Typically, we are not big proponents of managing defined risk trades like iron condors or spreads. We know the risk on these trades heading into them and we’re comfortable with the maximum possible loss. Undefined risk trades such as strangles or naked puts or calls, are a different story.
There are some strategies we use when managing trades gone awry. One of our favorite trades, selling a strangle, is selling a put and call around the expected move in a stock. Let’s walk through how we manage a strangle if it goes against us.
One of the beauties of selling both puts and calls is half the trade has to be right. If the puts are in trouble, the calls are safe. If the calls are in trouble, the puts are safe.
If a stock moves through an option we are short, we immediately buy back the other half of the trade that isn’t in trouble. For instance, if a stock moves lower than expected, we buy back our call, turn around and sell another call, closer to where the stock is trading. If the stock moves higher than expected, we buy back our put and sell a new put with a higher strike price. At tastytrade, we call this “rolling up” or “rolling down” depending on if we are talking about the call side or put side.
Rolling allows us to collect additional premium. This is important for two reasons:
First, if we have to buy back anything, we’ve reduced what it will cost.
Second, if we are eventually assigned stock on a short option (i.e., long stock from a short put, short stock from a short call) the premium collected is lowering our cost basis.

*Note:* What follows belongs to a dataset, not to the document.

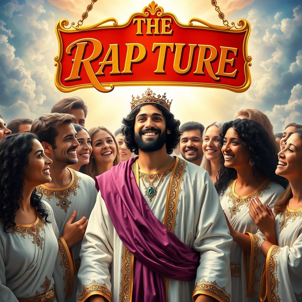 This image depicts a vibrant celebration in Heaven, with diverse individuals gathered around Jesus, surrounded by an ethereal backdrop and ornate golden lettering, evoking the styles of Fra Angelico, Pre-Raphaelite, and Byzantine art with a touch of digital flair.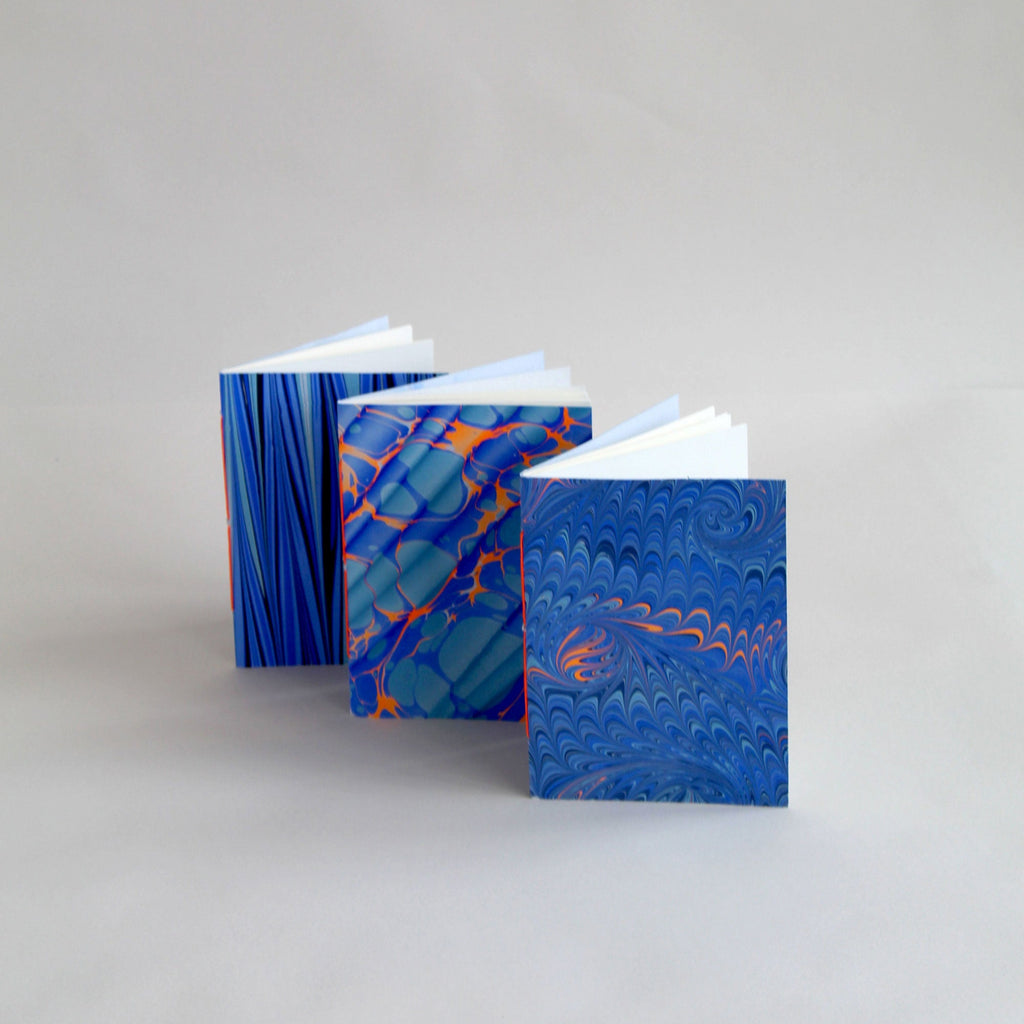 Set of 3 A6 hand-marbled notebooks with 120gsm fountain pen friendly pages. Made in the UK.

For the side of the trade in trouble or “being challenged,” ideally we want to “roll it out” to a further expiration or further OTM strike for yet more premium. That means buying back the challenged option then selling the same type of option (i.e., put or call), further out of the money and likely further out in time.
The reason we have to go further out in time is often that is the only way to collect enough premium. As a general rule, we only roll for a credit or if rolling will not cost us anything. If rolling involves a debit, our preference is not to roll.
Not all trades can be managed neatly. There are a number of variables that can affect our ability to manage trades from account type to account size. But for those trades we can manage, this is our preferred method.
Josh Fabian has been trading futures and derivatives for more than 25 years.